# Rim ideas



## westwildcats (Oct 11, 2021)

Hoping to make a custom cruiser this winter, and need advice/recommendations on the rims.  Are there alloy/aluminum rims that are close in width and profile to the old Schwinn S-2s.  26 inch, 36 hole, double wall, silver or polished silver. I won't be using rim brakes, if that's an issue.  Are there rims like this out there, or am I searching for something that doesn't exist?  Thanks in advance.


----------



## Gordon (Oct 11, 2021)

Some of the earlier mountain bikes used a wide, square profile rim, but I don't think I have ever seen any that were tubular.


----------



## 49autocycledeluxe (Oct 11, 2021)

they are out there. look for "beach cruiser" type bikes. many have aluminum rims. 

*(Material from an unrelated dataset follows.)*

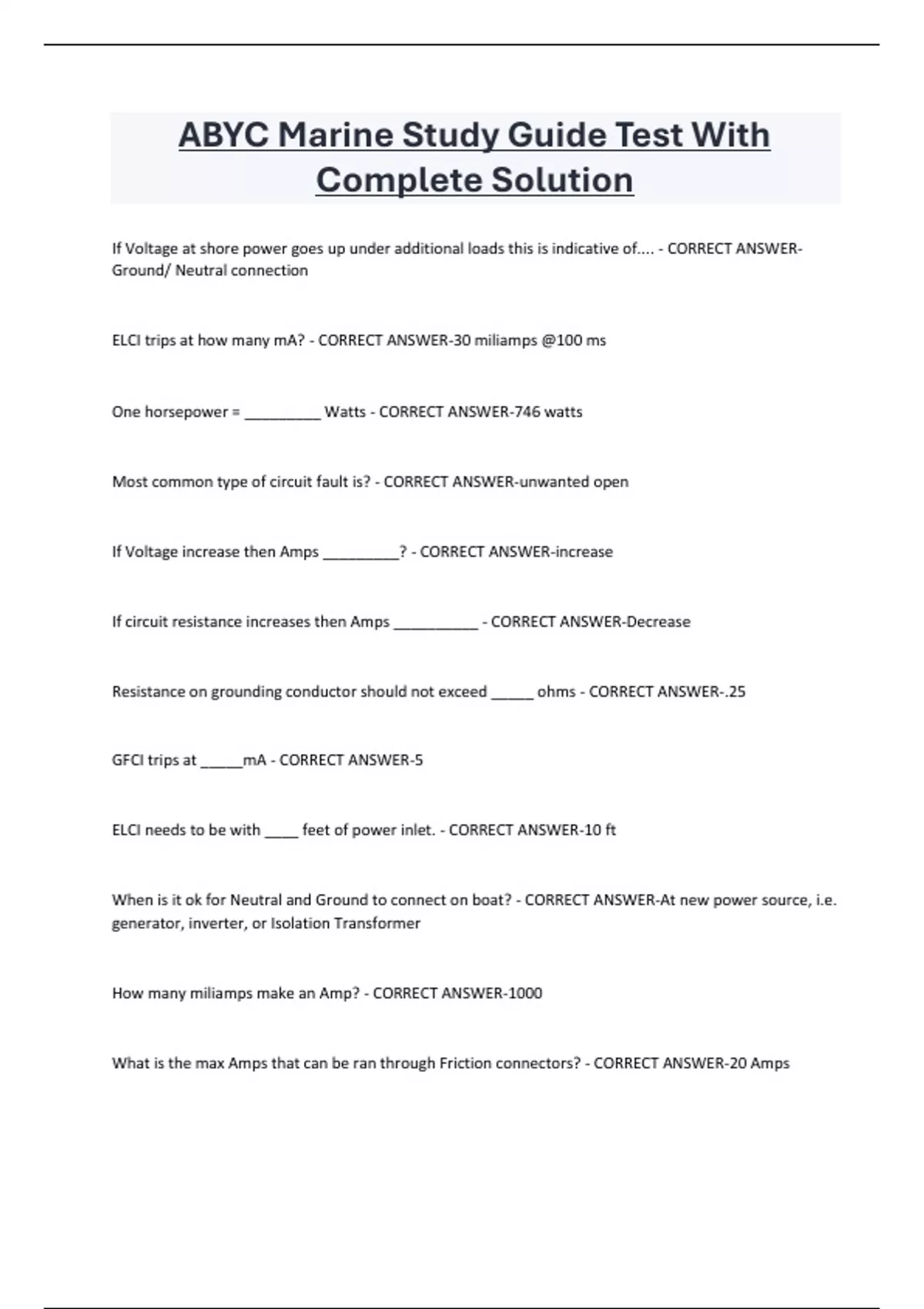 ABYC Marine Study Guide Test With Complete Solution If Voltage at shore power goes up under additional loads this is indicative of.... - CORRECT ANSWERGround/ Neutral connection ELCI trips at how many mA? - CORRECT ANSWER-30 miliamps @100 ms One horsepower = _________ Watts - CORRECT ANSWER-746 watts Most common type of circuit fault is? - CORRECT ANSWER-unwanted open

I've actually looked at Walmart bikes for aluminum rims but they all seem to be painted.


----------



## SKPC (Oct 11, 2021)

Break out the wallet!
https://www.ebay.com/itm/194425051905?campid=5335809022

Another but dropstep style, not flat.   Stickers are removeble.
https://www.ebay.com/itm/363159244007?campid=5335809022


----------



## Schwinny (Oct 11, 2021)

They exist. I see them at the salvage occasionally.
I have a pair I got off the wall there but they weren't exactly flat centered, they had a little ridge on the side.
You would be looking for a rim in ISO-559 size. Look for rim manufacturing companies websites.
Sun-Ringle comes to mind


----------



## westwildcats (Oct 11, 2021)

Thanks for the thoughts and suggestions.  Stumbling around the web, I came across Alex dx 32, but they seem to be discontinued.  Gotta chuckle at the Rhyno lite XL pricing.  Red, 48 dollars.  Polished silver 135.  What??????


----------



## Superman1984 (Oct 12, 2021)

If you're not set on aluminum or double wall check out Husky bicycles website, S2 style 26" with 11g spokes. They're beefy enough for motoring & a lot less expensive. Spokes aren't stainless or anything but the 2 or 3 wheels I got from them were pretty straight & no major issues except dog peeing on them a few times🙄😒


----------